In a coordinated multi-agency effort, the U.S. Treasury and the Department of Justice (DOJ) have taken a series of actions against ransomware groups, including the designation of a virtual currency exchange network, the seizure of $6.1m paid in ransom, and the release of an updated ransomware advisory for financial institutions.

Just a few months after the first-ever designation of a virtual currency exchange, the Treasury’s Office of Foreign Asset Control (OFAC) has again sanctioned a digital asset platform on suspicion that the company facilitated transactions for multiple ransomware variants.

The Treasury found that virtual currency exchange Chatex had direct ties with SUEX currency exchange, which was sanctioned earlier in September for facilitating the movement of illicit ransom payments.

According to the analysis by the U.S. agency, more than half of the known transactions of Chatex are directly traced to illicit or high-risk activities, such as darknet markets, high-risk exchanges, and ransomware.

The Treasury recognizes that most virtual currency activity is “licit,” but that virtual currency remains the primary mechanism for ransomware payments, and certain virtual currency exchanges are a significant piece of the ransomware ecosystem.

Hence, “the United States urges the international community to effectively implement international standards on anti-money laundering/countering the financing of terrorism (AML/CFT) in the virtual currency area, particularly regarding virtual currency exchanges,” the Treasury said in a press release.

In coordination with the OFAC action, the Financial Crimes Enforcement Network (FinCEN) has announced an update to its 2020 advisory on ransomware and the use of the financial system to facilitate ransom payments.

The document identifies financial red flags that are indicators of ransomware-related illicit activity. It aims to assist financial institutions, including virtual currency service providers, in identifying and reporting suspicious transactions associated with ransomware payments in line with the Bank Secrecy Act.
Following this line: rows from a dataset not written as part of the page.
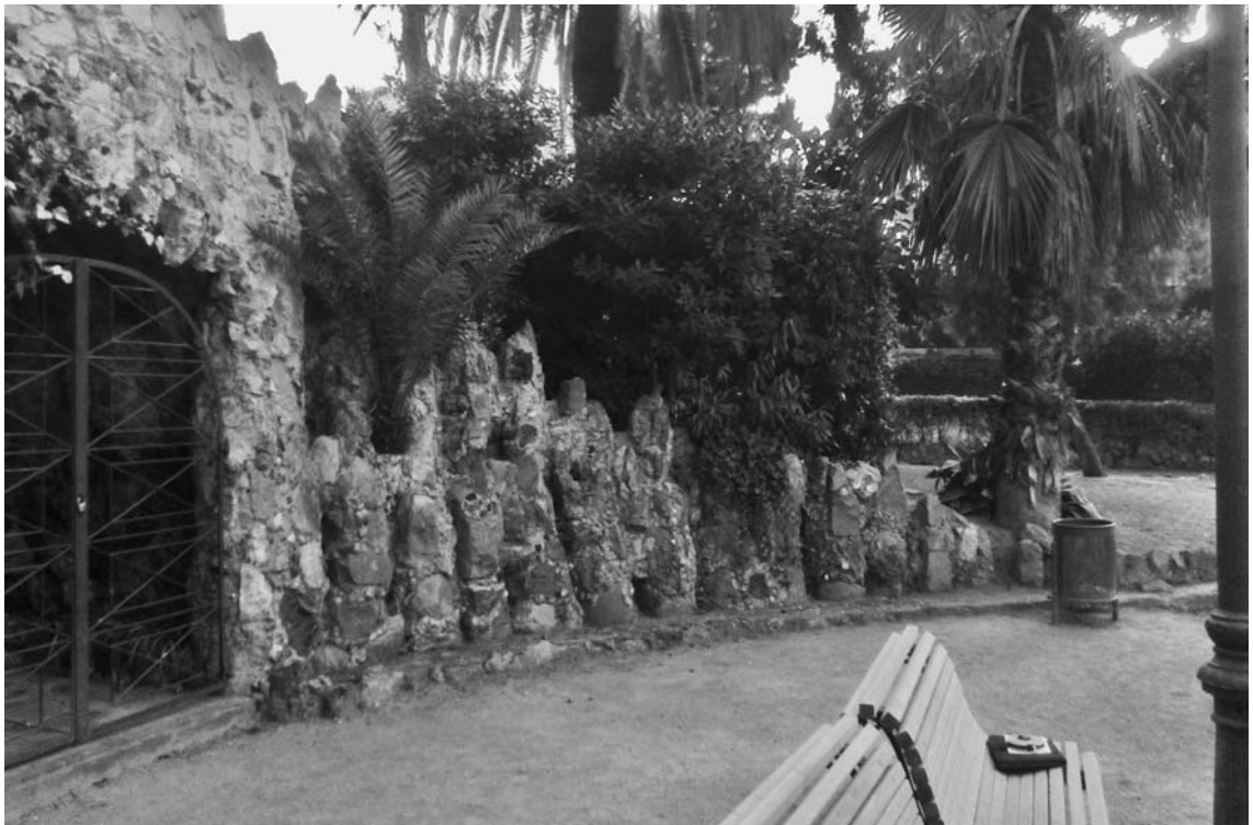
Fig. 4. Muret lateral de tancament de la placeta esquerra.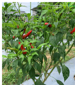
「香川本鷹」栽培ほ場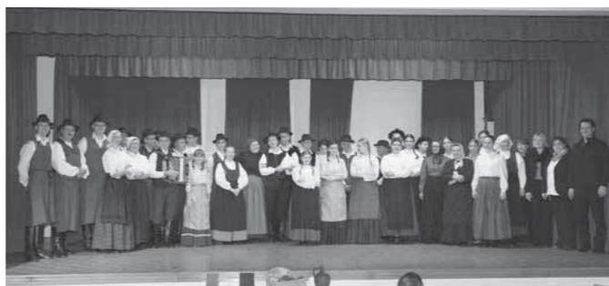
Nastopajoči v Stopercah

smo imeli čast spoznati čisto ta pravo košuto. Čeprav mladinski folklorni skupini letos ni uspelo izpeljati čisto »ta prave licitacije« (priznajmo, da je odrasla skupina bolj izkušena),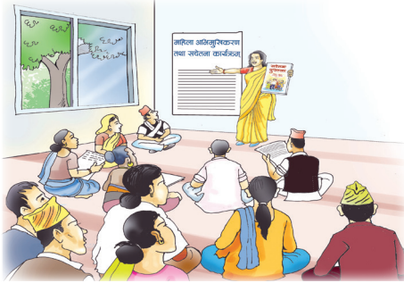
सचेतनामुलक कार्यक्रममा सहभागीता जनाऔं ।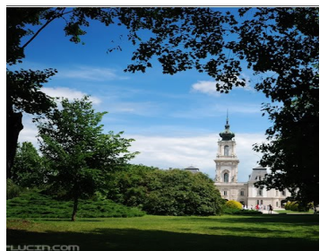
Slottet Festetisc i Kesztheley - nabobyen

Actions against individuals

At the same time, the OFAC and the DOJ have both announced actions against two foreign individuals involved in ransom attacks against businesses and government entities in the United States.

According to the indictments filed by the DOJ, Ukrainian national Yaroslav Vasinskyi carried out ransomware attacks against multiple victims, while Russian national Yevgeniy Polyanin also deployed ransomware on the computers of multiple victims, including businesses and government entities in Texas in August 2019.

Both individuals are members of the REvil group, and are suspected to be involved in the July attack against Kaseya, the IT solutions developer for managed service providers, which affected around 800 to 1,500 small and medium-sized companies.

The agencies estimate that REvil, which offers a ransomware-as-a-service business, has collected at least $200m in ransom payments in Bitcoin and Monero throughout the years.

The department has now announced the arrest of Vasinskyi and the seizure of $6.1m in ransom proceeds from Polyanin. The latter is believed to be involved in 3,000 ransomware attacks resulting in total extortions of $13m.

In parallel to the DOJ action, the OFAC also imposed sanctions against the two actors, blocking all of their property and interests, and prohibiting U.S. persons from engaging in transactions with them.

Overseas cooperation

European authorities played an important part in both actions. The police in Poland and Ukraine helped to take Vasinskyi into custody, while Latvian and Estonian authorities helped the OFAC identify the activities of the designated entities.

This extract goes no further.